The working electrodes were prepared as follow: 0.05 g of the sample, 0.05 g of polyethyleneglycol (molecular weight 20 000) and 0.5 mL of ethanol were mixed and ground into the slurry. Then the slurry was evenly coated onto a 2 cm × 1.2 cm F-doped SnO₂-coated (FTO) glass electrode by the doctor blade method. The area and the thickness of the coating layer were limited to 1 cm² and 0.01 mm, respectively. Finally, the prepared electrodes were dried in an oven at 100 °C for 60 min. The measurement of the photocurrent and electrochemical impedance spectroscopy (EIS) were performed on an electrochemical analyzer (CHI660E, Shanghai Chenhua Limited, China) in a standard three-electrode system. In this system, the prepared glass electrodes were used as the working electrodes. Pt wire and Ag/AgCl (saturated 0.3 M KCl) were used as counter electrode and reference electrode, respectively. The three electrodes were connected by the electrolyte of 0.5 M Na₂SO₄. The source of visible light is a 300 W Xe lamp with a UV cut-off filter (λ > 420 nm). The EIS were tested in the same standard three-electrode system, the phase frequency and amplitude-frequency characteristics were recorded over frequency range from 0.01 Hz to 10⁵ Hz, and then the spectrum was transferred into Nyquist diagram.

Results and discussion

Structure and properties characterization

Fig. 1 shows X-ray diffraction (XRD) patterns of as-prepared samples. The results show that the diffraction peaks of the pure ZnIn₂S₄, pure In(OH)₃ and pure ZnWO₄ sample are in good agreement with the hexagonal phase of ZnIn₂S₄ (JCPDS card No. 03-065-2023), the cubic phase of In(OH)₃ (JCPDS card No. 76-1464) and monoclinic structure of ZnWO₄ (JCPDS card No. 73-0554), respectively. For the as-prepared ternary ZIZ composites, all the ZnIn₂S₄ and ZnWO₄ diffraction peaks were found. The characteristic peaks of In(OH)₃ (22.3°, 31.7° and 51.2°) can also be found. When the pH increases during the synthesis of ZnIn₂S₄/In(OH)₃, the characteristic peak of ZnIn₂S₄ at 21.4° becomes weaker, while the peak of In(OH)₃ at 22.3°, 31.7° and 51.2° become stronger. This demonstrates that the increasing pH value can improve the growth of In(OH)₃. No traces of other phases were detected, indicating the high purity of the samples and confirming that ZnIn₂S₄/In(OH)₃ and ZnWO₄ coupled together successfully and without other phases.

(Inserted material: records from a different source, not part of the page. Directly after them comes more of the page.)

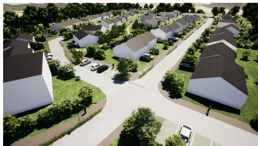
Vue rapprochée depuis le Nord-Ouest
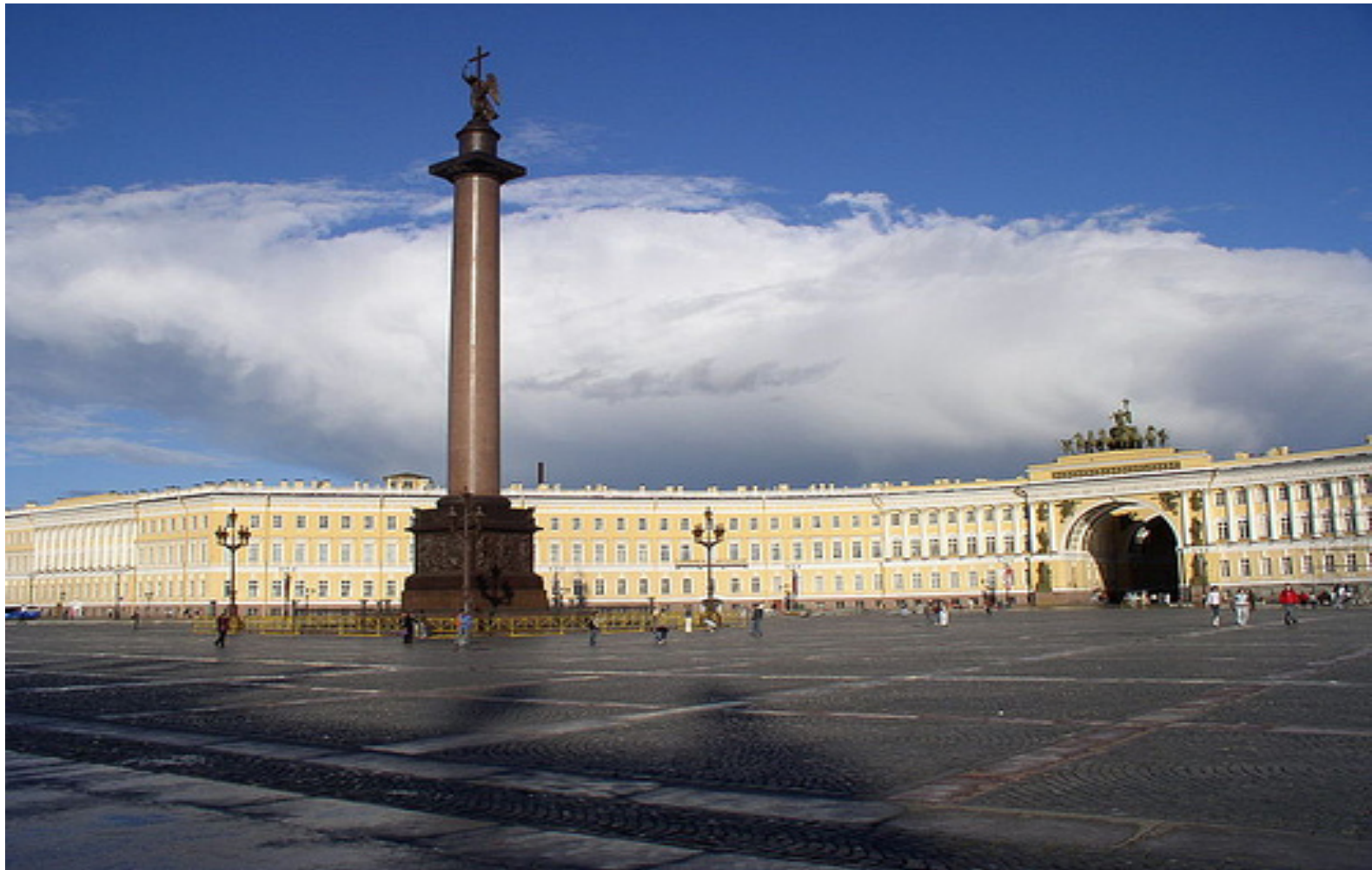
2.- Centro histórico de San Petersburgo y conjuntos monumentales anexos (1990)
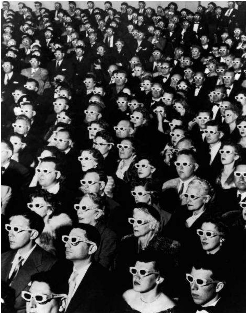
Os óculos em terceira dimensão: estratégia do cinema para combater o advento da TV. 75

Hoje, a distribuição representa o maior faturamento da indústria do cinema. As salas de exibição significam apenas 20% dos lucros, em média. Em muitos casos, os filmes enviados às salas de cinemas logo em seguida são lançados em DVD. E mesmo assim, especialistas já questionam essa nova tendência. O cinema não é apenas uma rede de distribuição de filmes, declarou George Lucas, o famoso cineasta da série Guerra nas Estrelas. É também uma atividade social e um espaço para o debate público. Baseado em Lucas, o cineasta brasileiro José Padilha definiu o cinema, hoje, como uma espécie de “ hub cultural ”. “É um ponto de encontro de opiniões e uma atividade fomentadora de debates públicos”, disse Padilha. Neste contexto, continuou o autor
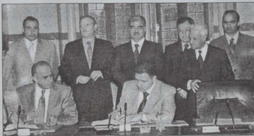
Կը ստորագրուի համաձայնագիրը

Վարչապետ Ռաֆիք Հարիրի երկվ յաջորդաբար ընդունեց ճարտարաբաններու եւ պաշտպանութեան եւ ներքին գործոց նախարարներ Ժորժ Աֆրամը, Խալիլ Հըրաուիին եւ Էլիաս Մըրը, եւ անոնց հետ քննարկեց տուեալ նախարարութիւններուն աշխատանքներն ու հարցերը:
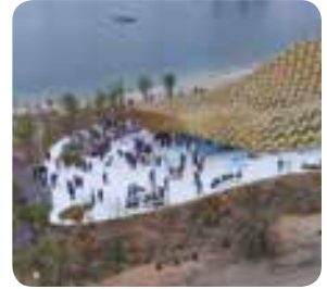
افتتاح جزيرة النور Opening day of Al Noor Island
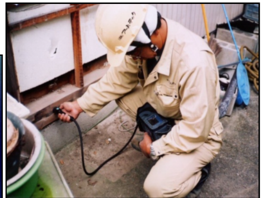
解体現場での作業の様子
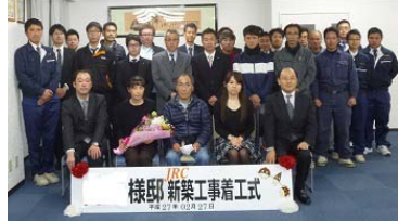
2/27 着工式を行いました。
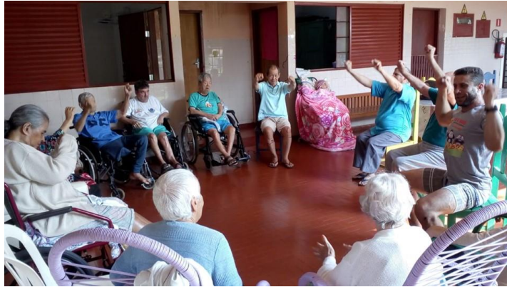
Realizado em 04/09/2019
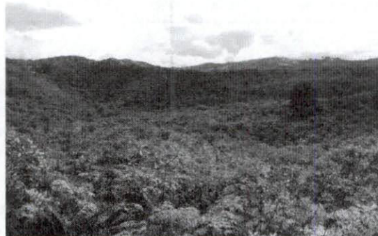
VISTA AEREA GOOGLE EARTH
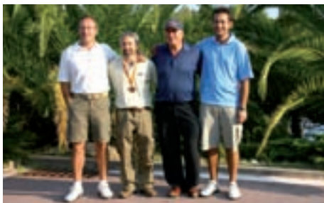
Campionat de Catalunya Matxplay 2009.
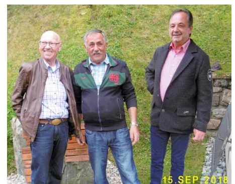
Die drei Hauptakteure

Im Anschluss wird eine reichhaltige Agape mit jeder Menge Brötchen und Getränken angeboten und es wird kräftig zugelangt. Nach 16:00 löst sich die Festgemeinde auf, der nächste Treffpunkt ist um 16:30 das Gasthof Perfler in Außervillgraten.
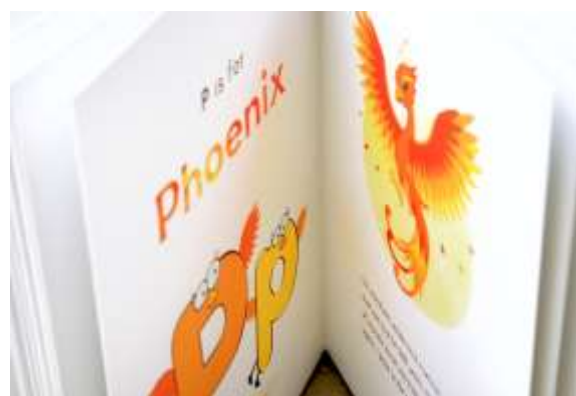
Gambar 3. Layout buku (2)

Fig. 1 XRD patterns of (a) ZnIn₂S₄, (b) ZnWO₄, (c) ZnIn₂S₄/ZnWO₄, (d) ZnIn₂S₄/In(OH)₃-4.5, (e) ZIZ-3.5, (f) ZIZ-4.5, (g) ZIZ-5.5, (h) In(OH)₃/ZnWO₄ and (i) In(OH)₃.

The morphology of the samples was investigated by SEM. Fig. 2a shows the SEM image of the as-prepared ZnIn₂S₄ at a higher magnification. It is shown that the ZnIn₂S₄ microsphere has a unique marigold-like spherical superstructure composed of numerous nanosheets. As shown in Fig. 2b, the as-prepared pure In(OH)₃ was made up of rectangular blocks with an edge of about 0.7–2 μm. It is also clearly seen that some small nanoparticles are attached to the edge of rectangular blocks, indicating that In(OH)₃ rectangular blocks may be formed by the adsorption of small In(OH)₃ nanoparticles via an Oswald ripening mechanism.²⁸ As shown in Fig. 2c, the as-prepared ZnWO₄ was composed of nanoparticles with a wide size distribution. Fig. 2d and e show the SEM image of the ZIZ-4.5 nanocomposite. It is clearly observed that In(OH)₃ cubic blocks and ZnWO₄ nanoparticles were attached to the surface of ZnIn₂S₄ microspheres. Fig. 2f shows the HRTEM images of as prepared ZIZ-4.5 sample. As shown in Fig. 2f, the fringes of 0.33 nm, 0.29 nm and 0.48 nm correspond to the (102), (220) and (100) plane of ZnIn₂S₄, In(OH)₃ and ZnWO₄, respectively.^29–31 The EDS spectrum (Fig. 3) of the composite clearly confirms the presence of Zn, In, S, O and W elements. From the above results, it can be seen that ZIZ composites with close contact have been successfully fabricated.

Fig. 2 SEM images of (a) ZnIn₂S₄, (b) In(OH)₃, (c) ZnWO₄, (d and e) ZIZ-4.5, (f) HRTEM images of ZIZ-4.5.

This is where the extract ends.